It's so important to potentially explore something like going a couple's therapy if you really are like I've tried everything, I don't know what to do, and I am at the end of my wits, but I can't walk away from this relationship. I would suggest going and speaking to an external party and sitting down because maybe it's a
case that you don't have the tools to communicate. Maybe it's the case that you both love each other, you both want this relationship to work, but you're speaking a different language and no one's listening to each other, and like that I often think is like the biggest and hardest thing to overcome. And maybe with the advice and the guidance of someone who is external and who gives you the tools to be able to communicate the and help you to unpack a few things that might be
really helpful for where you guys are at. And I don't often I mean, we answer the questions all the time. We always advocate for like going and getting help if you need it, But very rarely would I say, like,
go and speak to a relationship counselor. But I think you because of the space that you're in where you're like, I don't don't want to leave, but nothing is changing, that is such an unhealthy place to be in that something has to change, and so this would be the last thing to try before having all of the information and going Okay, it's time to walk away.
And you're also doing this from a place of already feeling rejected. So I think when you're already in that place where you're feeling as though any advances you make are being rejected.
It's not a cycle, it's a spiral totally.
You kind of get fearful of having more conversations because you're fearful that that is also going to be rejected. But if you don't have this conversation, firstly, he might not understand and I might be giving too much benefit of the doubt there, But often people they're not very in touch with this type of thing, especially men when
they're twenty four years old. He might not realize how much his rejections of your sexual advances are making you feel like you're not good enough for him, that you're not attractive enough for him, that you're not able to induce this intimacy that you think should be so natural at the age of twenty four.
But also it's fucking cruel, like having a conversation of like, you know, I love you, and I don't feel like we're having enough sex and I want to be having more sex. To be told, you nag me too much about it, and it seems like you're forcing the seductiveness, Like no shit, I'm forcing the seductiveness. I'm trying. I am I've bought sexy laundry like I am trying, and you don't want to try, like you don't want to increase.
So maybe it is a case that he's like, he doesn't want to have more sex, and so all of your trying is going to fall on death ears.

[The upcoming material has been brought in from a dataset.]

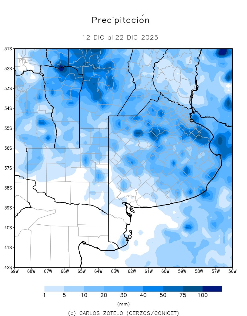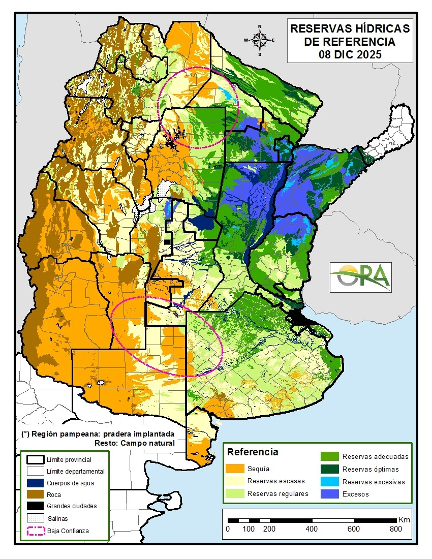 Las menores precipitaciones registradas en noviembre y lo transcurrido de diciembre, sumado al incremento de la temperatura propio del período, han generado una disminución generalizada de las reservas hídricas. Esta situación dio lugar a áreas con condiciones de sequía tanto en el norte pampeano como en sectores del sur bonaerense. En contraste, el este provincial transita diciembre con perfiles hídricos más favorables, lo que aporta mayor estabilidad al desarrollo de la campaña.

So I really think it's like you don't want to get to a place where you feel undesired by your partner
and you feel resentful. So I think it's so important for you to figure out what is it that you both want, what is it that you both think is normal in a relationship, and it's okay for extroverts and introverts to be together like that couple dynamic works in so many ways, but you still have to be able to communicate what you want and feel satisfied and feel loved. The other part of this, the very last thing you said, is how do I start again after three years of this?

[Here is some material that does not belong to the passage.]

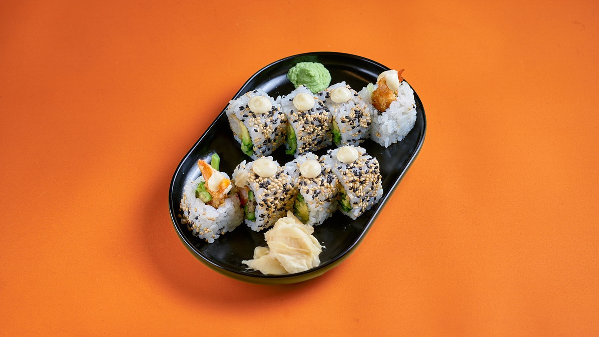8 Τεμάχια. Γαρίδα tempura, αβοκάντο, αγγούρι, aioli & σουσάμι

I'm scared. Relationship breakdowns are fucking scary. Coming to the realization that a relationship is not the right one, especially when you absolutely love the person and you want it to work, is scary. But I think you need to get to a point where you feel like you've given everything, you've tried everything, and you don't have anything more to try. You've put everything on the table, and he's not coming to meet you where you need to be met. The
relationship is not working and it is not right. And we say, you know how hard it is to leave and everything else, but you will only waste more time by staying because of the fear of leaving. If you stay for another year or two more years, then you're gonna be in the same situation. You'll be like, all right, but I've spent five years on this relationship and nothing's changed. There does have to come a point where you call it and you go, well, for the past a year,
nothing has changed, Nothing is going to change. Unless he changes something, Unless he actively changes something, nothing will change.
And so what does that then look like for you?

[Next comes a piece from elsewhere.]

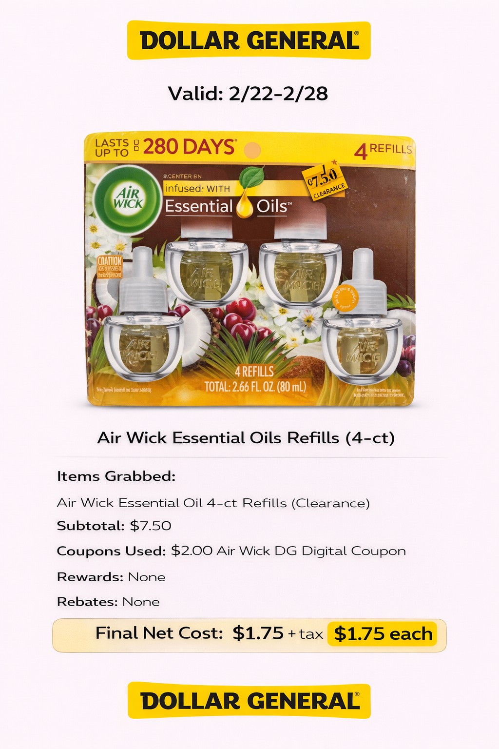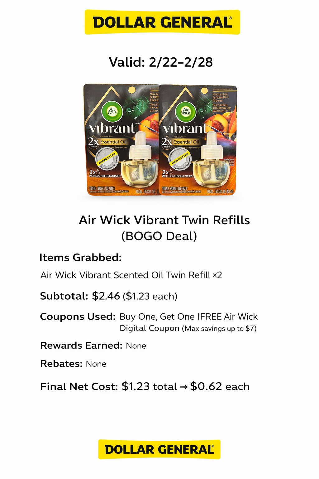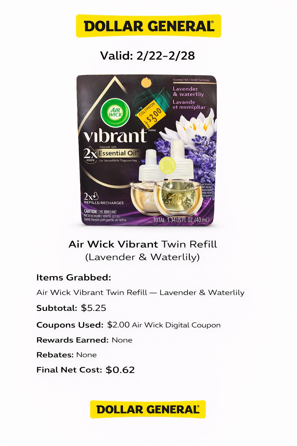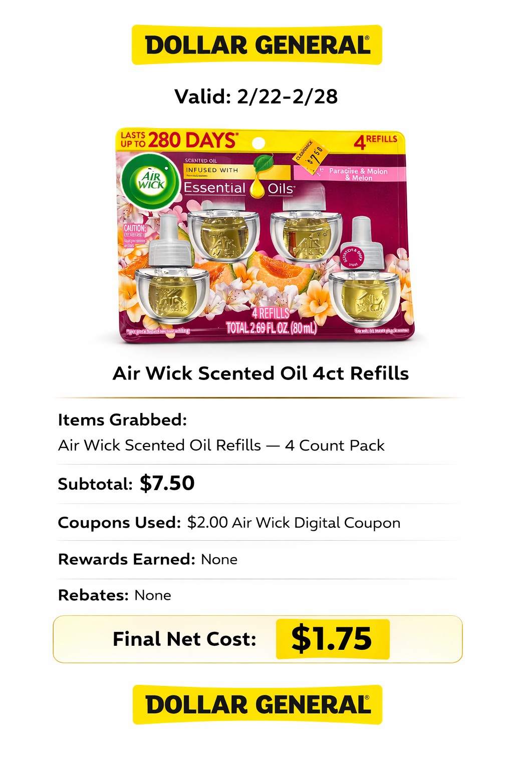 - Coupons Used: $2.00 Air Wick DG Digital Coupon

And you know, we can worry about the sunk cost fallacy that we've spoken about so many times, this idea that you've invested so much time into a relationship, what about that? You know it seems like a waste. That's not a waste. It's all about learning what you want in your relationships. What's a great match for you? And what do you want in a life partner? If that's what you want in your life?
All right?
Question number two.
I recently went on a third date with a guy which so far everything was going really well. He was sticking many boxes in terms of constant communication, making plans, and on this night he had initiated dinner, booked the restaurant and was even there early and the date went fabulously. At the end of the night, after going to a bar for more drinks, we decided we wouldn't go home together.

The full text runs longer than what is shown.